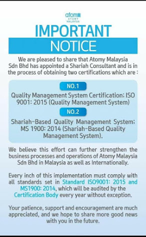 Bisnes tanpa modal MLM e-dagang Atomy Korea-Malaysia diperakui Patuh Syariah ( Syariah Compliance mulai 24 Jun 2022 oleh Syariah Advisory Council (SAC). Malah rangkaian produk-produk Atomy buatan asli Korea yang dipasarkan di Malaysia juga telah mendapat Pengiktirafan Sijil Halal JAKIM disamping pengesahan Sijil Halal Korea Selatan yg di"endorse" oleh JAKIM Malaysia.
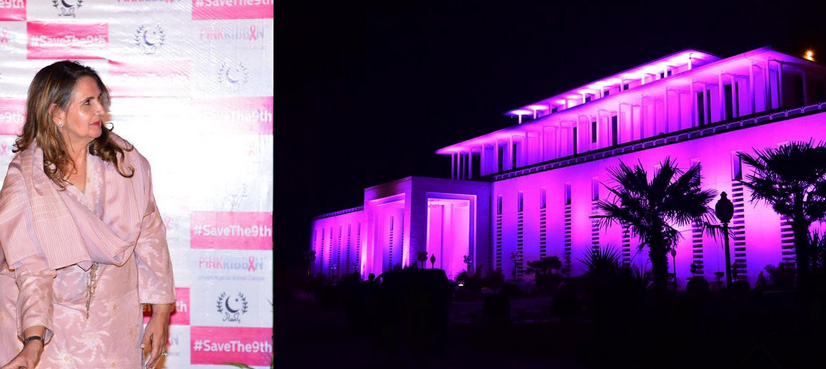 In a ceremony held at president house, Begum Samina Alvi pushed the button to illuminate the building in pink colour, thus marking a charity’s breast cancer awareness drive.
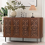 Model: HLR 48" Accent Cabinet with 4 Doors, Vintage Hollow Carving Storage Credenza, Sideboards and Buffets Cabinet for Living Room, Kitchen, Dining Room, Entryway,Brown

==================================================

*WHAT YOU ARE ASKED TO DO:* Output the material above exactly as written and drop any images it holds.

*RESULT:*
 Bisnes tanpa modal MLM e-dagang Atomy Korea-Malaysia diperakui Patuh Syariah ( Syariah Compliance mulai 24 Jun 2022 oleh Syariah Advisory Council (SAC). Malah rangkaian produk-produk Atomy buatan asli Korea yang dipasarkan di Malaysia juga telah mendapat Pengiktirafan Sijil Halal JAKIM disamping pengesahan Sijil Halal Korea Selatan yg di"endorse" oleh JAKIM Malaysia.
 In a ceremony held at president house, Begum Samina Alvi pushed the button to illuminate the building in pink colour, thus marking a charity’s breast cancer awareness drive.
 Model: HLR 48" Accent Cabinet with 4 Doors, Vintage Hollow Carving Storage Credenza, Sideboards and Buffets Cabinet for Living Room, Kitchen, Dining Room, Entryway,Brown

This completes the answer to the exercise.